* TASK GOAL *
Reproduce the material below line by line, beginning with its first line and ending with the line that contains "Black and silver-tone"; leave out pictures.

* MATERIAL PROVIDED *
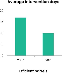 There are compelling economic reasons to enhance output from existing assets. Brownfield production increases can be achieved in a shorter cycle than greenfield developments—yielding returns from weeks or months of planning instead of requiring years, Fig. 1. And most intervention and production enhancement programs cost normally less than $10/bbl, Fig. 2.
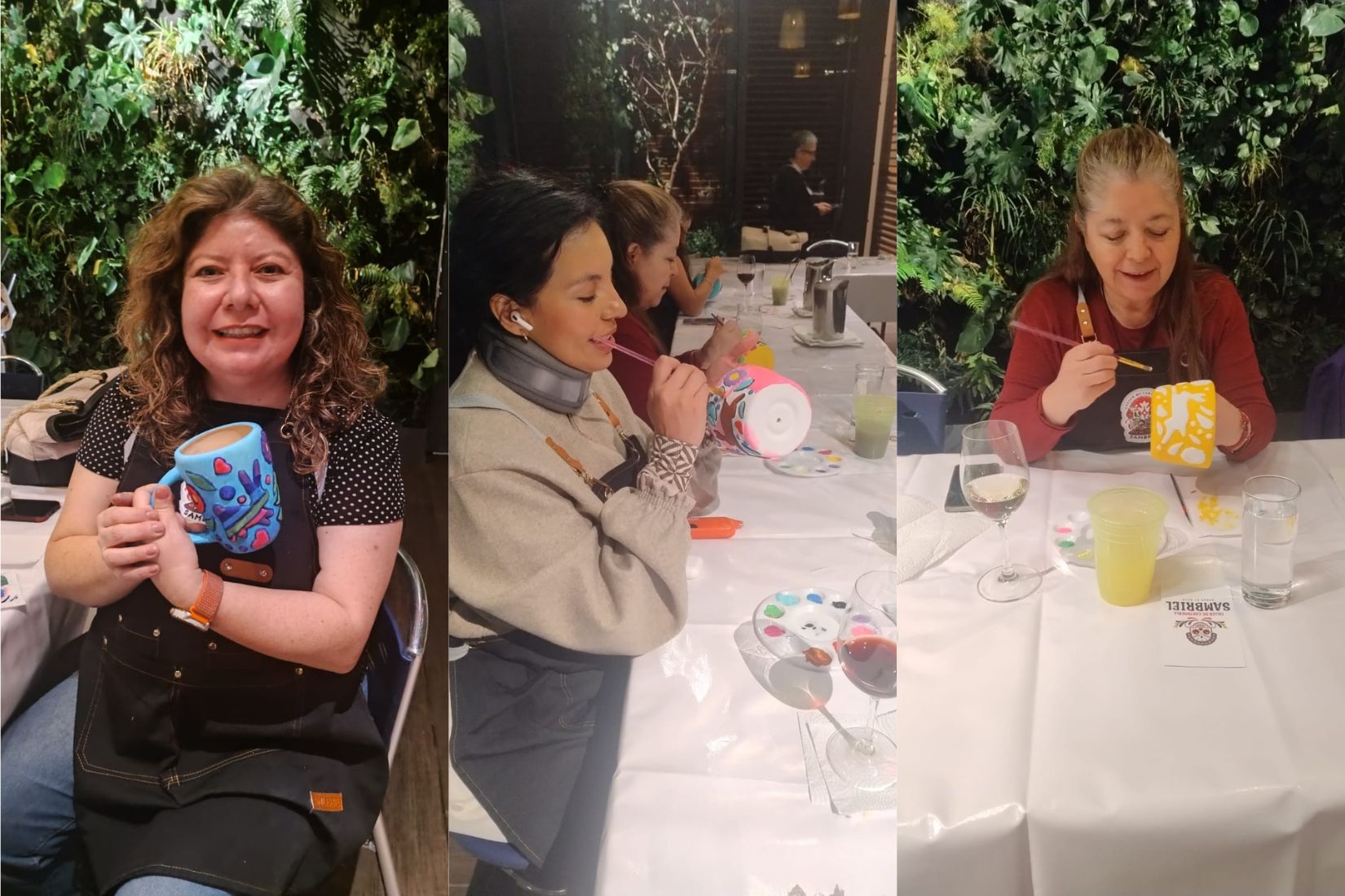 El miércoles 12 de febrero se llevó a cabo el taller «Pinta y Brinda» con la maestra artesana Samantha Escamilla, en el que los asistentes tuvieron la oportunidad de decorar, con pintura acrílica, una taza o una maceta de cerámica con diseños de Tenango, todo mientras disfrutaban de una copa de vino.
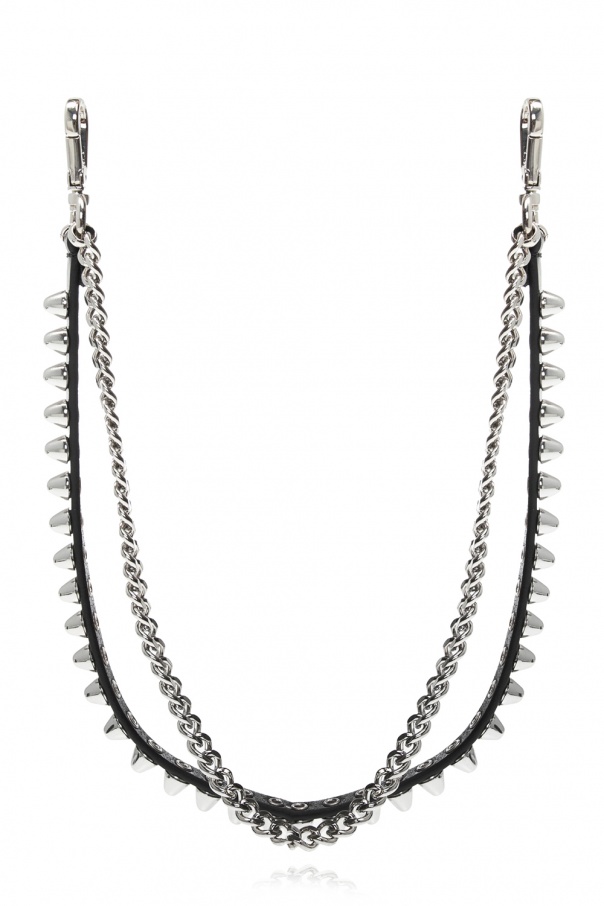 Black and silver-tone key ring with chain from Dsquared2 featuring snap hooks and decorative elements in silver-tone.
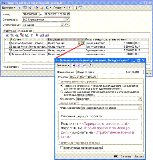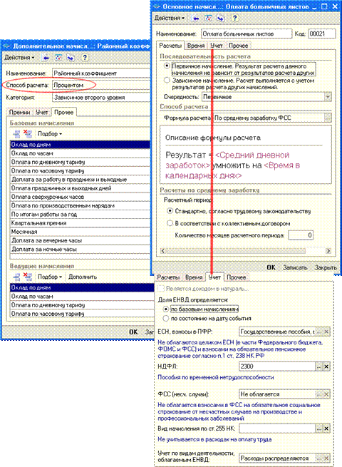 Если в результате кадровых перестановок график работы работника изменяется, то такие события должны быть документально зарегистрированы в информационной базе. Специально вести учет отработанного времени не потребуется. Фактически отработанное время будет вычисляться как объем планового времени, которое должен был отработать работник согласно графику, минус документально зафиксированные отклонения от этого графика, когда в указанное в графике рабочее время работник отсутствовал, например, по причине отпуска или болезни. При сдельной оплате труда для расчета суммы заработка необходимо ежемесячно регистрировать фактическую выработку работника специальными документами — сдельными нарядами. Но график работы также требуется указывать, поскольку он используется в некоторых других расчетах. Учет рабочего времениИспользуемые для учета отработанного времени графики работы могут быть следующих типов: пятидневные, шестидневные, сменные и, кроме того, индивидуальные. В конфигурации необходимо указывать продолжительность рабочей недели и часы рабочего времени: интервалы работы в течение рабочего дня или смены с исключением перерыва на обед. Например, для 40–часовой рабочей недели и пятидневного графика работы часы рабочего времени могут быть такими: с 8-00 до 12-00 и с 13-00 до 17-00 (здесь предполагается, что перерыв на обед занимает время с 12-00 до 13-00). В конфигурации поддерживаются графики суммированного учета рабочего времени, а также графики сокращенного рабочего времени. Предусмотрено автоматическое заполнение текущего календаря графика работы с учетом общегосударственных праздников, в котором отражаются рабочие дни, укороченные предпраздничные дни и перенесенные дни отдыха. Список общегосударственных праздников также хранится в информационной базе. Предусмотрена возможность ввода подробных и/или сводных табелей учета рабочего времени, как первичных документов, данные которых используются далее при начислении зарплаты; в этом случае отработанное время определяется по данным табеля, существующие же графики работы будут использованы только для определения нормативного количества рабочего времени. При формировании табеля учета отработанного времени по форме Т-13 в условиях отсутствия данных о расчетах заработной платы используются данные об отсутствии работников, зарегистрированные в «кадровом» контуре учета. Начисления и удержанияВсе начисления организации объединены в две большие группы: · Основные начисления — это начисления, характеризующиеся продолжительностью во времени, т.е. имеющие период действия (оплата по тарифным ставкам, оплата периодов отсутствия работника и пр.). · Дополнительные начисления — это начисления, характеризующиеся одной датой начисления, например премии или дивиденды. Эти начисления, тем не менее, могут рассчитываться на основании сумм, ранее начисленных по основным начислениям.

* ANSWER TO THIS EXERCISE *
 There are compelling economic reasons to enhance output from existing assets. Brownfield production increases can be achieved in a shorter cycle than greenfield developments—yielding returns from weeks or months of planning instead of requiring years, Fig. 1. And most intervention and production enhancement programs cost normally less than $10/bbl, Fig. 2.
 El miércoles 12 de febrero se llevó a cabo el taller «Pinta y Brinda» con la maestra artesana Samantha Escamilla, en el que los asistentes tuvieron la oportunidad de decorar, con pintura acrílica, una taza o una maceta de cerámica con diseños de Tenango, todo mientras disfrutaban de una copa de vino.
 Black and silver-tone key ring with chain from Dsquared2 featuring snap hooks and decorative elements in silver-tone.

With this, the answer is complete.